En una ocasión asistí a una conferencia en Nueva York del difunto Abba Eban, uno de los diplomáticos y estadistas más brillantes y respetados de Israel. Lo primero que llamaba la atención sobre la disputa entre israelíes y palestinos, afirmaba él, era su fácil resolución. Tras aquel fascinante comienzo pasó a relatar, con la autoridad que le confería haber sido primer ministro y embajador en la ONU, que el aspecto fundamental era uno muy sencillo. Dos pueblos de un tamaño aproximadamente equivalente formulaban una reivindicación sobre una misma tierra. La solución, obviamente, era crear dos estados contiguos. ¿Seguro que una cosa tan evidente estaba al alcance de la capacidad de comprensión y la inteligencia de un ser humano? Y así habría sido desde hace muchas décadas si se hubiera podido mantener alejados de allí a los rabinos, los ulemas y los sacerdotes mesiánicos. Pero las afirmaciones exclusivas de estar investidos de la autoridad de dios realizadas por los clérigos histéricos de ambos bandos y avivadas por los cristianos con espíritu de Armagedón que esperan la llegada del Apocalipsis (precedida por la muerte o la conversión de todos los judíos) han vuelto insufrible la situación y han convertido a la humanidad en su conjunto en rehén de una disputa que ahora presenta la amenaza de una guerra nuclear.

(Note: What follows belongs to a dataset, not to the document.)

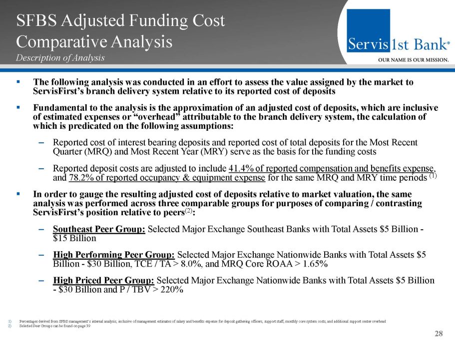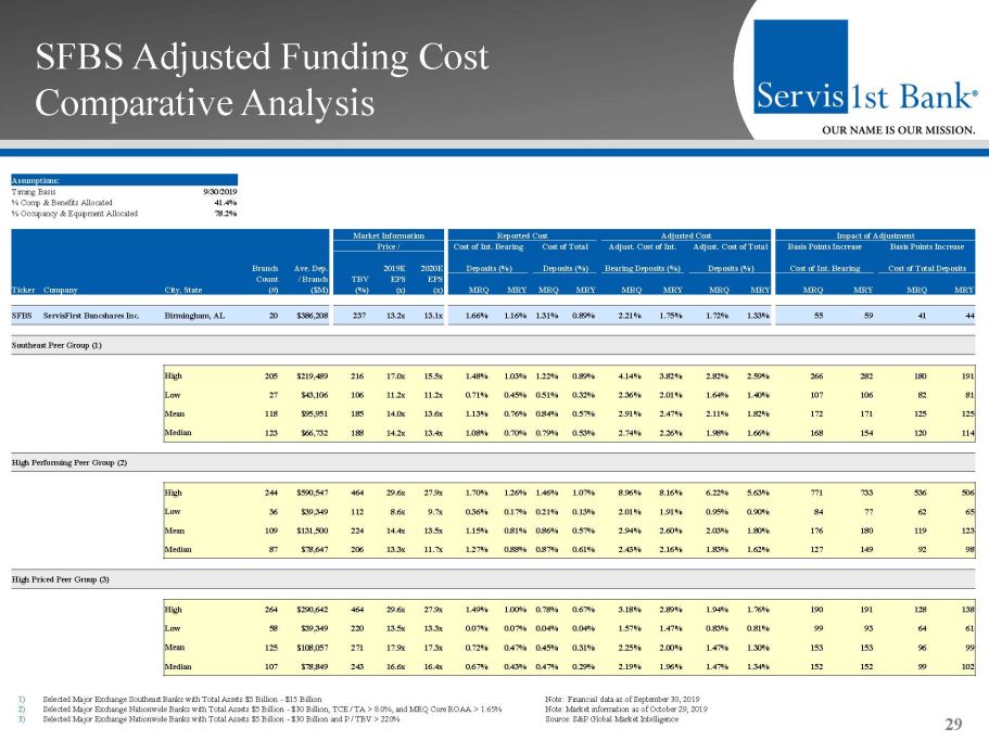 SFBS Adjusted Funding Cost Comparative Analysis Description of Analysis ▪ The following analysis was conducted in an effort to assess the value assigned by the market to ServisFirst’s branch delivery system relative to its reported cost of deposits ▪ Fundamental to the analysis is the approximation of an adjusted cost of deposits, which are inclusive of estimated expenses or “overhead” attributable to the branch delivery system, the calculation of which is predicated on the following assumptions: – Reported cost of interest bearing deposits and reported cost of total deposits for the Most Recent Quarter (MRQ) and Most Recent Year (MRY) serve as the basis for the funding costs – Reported deposit costs are adjusted to include 41.4% of reported compensation and benefits expense , and 78.2% of reported occupancy & equipment expense for the same MRQ and MRY time periods (1) ▪ In order to gauge the resulting adjusted cost of deposits relative to market valuation, the same analysis was performed across three comparable groups for purposes of comparing / contrasting ServisFirst’s position relative to peers (2) : – Southeast Peer Group: Selected Major Exchange Southeast Banks with Total Assets $5 Billion - $15 Billion – High Performing Peer Group: Selected Major Exchange Nationwide Banks with Total Assets $5 Billion - $30 Billion, TCE / TA > 8.0%, and MRQ Core ROAA > 1.65% – High Priced Peer Group: Selected Major Exchange Nationwide Banks with Total Assets $5 Billion - $30 Billion and P / TBV > 220% 28 1) Percentages derived from SFBS management’s internal analysis ; inclusive of management estimates of salary and benefits expense for deposit gathering officers, support staff, monthly core system costs, and additional support center overhead 2) Selected Peer Groups can be found on page 39

La religión lo emponzoña todo.
Además de ser una amenaza para la civilización, ahora se ha convertido en una amenaza para la supervivencia del ser humano.

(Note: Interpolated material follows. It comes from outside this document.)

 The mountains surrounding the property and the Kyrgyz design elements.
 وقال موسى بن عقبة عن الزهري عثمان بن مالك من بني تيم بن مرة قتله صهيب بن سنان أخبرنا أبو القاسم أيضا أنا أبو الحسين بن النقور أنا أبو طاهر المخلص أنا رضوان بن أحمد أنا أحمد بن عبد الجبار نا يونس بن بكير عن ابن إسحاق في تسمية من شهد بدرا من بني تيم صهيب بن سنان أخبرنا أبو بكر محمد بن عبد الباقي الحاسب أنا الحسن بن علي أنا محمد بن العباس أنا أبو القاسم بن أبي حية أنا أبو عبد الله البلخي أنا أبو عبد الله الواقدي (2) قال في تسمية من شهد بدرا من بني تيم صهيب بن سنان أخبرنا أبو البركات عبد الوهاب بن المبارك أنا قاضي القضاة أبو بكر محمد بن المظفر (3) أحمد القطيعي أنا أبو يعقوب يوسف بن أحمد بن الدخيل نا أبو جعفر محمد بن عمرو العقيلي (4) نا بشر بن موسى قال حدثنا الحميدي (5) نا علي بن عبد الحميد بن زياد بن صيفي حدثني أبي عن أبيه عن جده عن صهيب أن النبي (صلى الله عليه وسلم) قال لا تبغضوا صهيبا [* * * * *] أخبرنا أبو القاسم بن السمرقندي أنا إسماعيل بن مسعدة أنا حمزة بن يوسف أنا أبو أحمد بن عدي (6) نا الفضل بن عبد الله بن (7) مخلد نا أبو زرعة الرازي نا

Pasemos por último a Bagdad. Este fue uno de los centros culturales y de conocimiento más importantes de la historia. Fue allí donde se conservaron, retradujeron y transmitieron de nuevo al ignorante Occidente «cristiano» a través de Andalucía algunas de las obras desaparecidas de Aristóteles y de otros autores griegos («desaparecidas» porque las autoridades cristianas habían quemado algunas de ellas, habían prohibido otras y habían clausurado las escuelas de filosofía alegando que era imposible que hubiera habido reflexiones morales valiosas antes de las enseñanzas de Jesús). Las bibliotecas, los poetas y los arquitectos de Bagdad eran famosos. Muchos de estos logros se produjeron bajo el mandato de los califas musulmanes, que permitían este tipo de manifestaciones con idéntica frecuencia con la que las reprimían; pero Bagdad también es portadora de rastros de los antiguos caldeísmo y nestorianismo, y fue uno de los muchos núcleos de la diáspora judía. Hasta finales de la década de 1940 fue patria de tantos judíos como los que vivían en Jerusalén.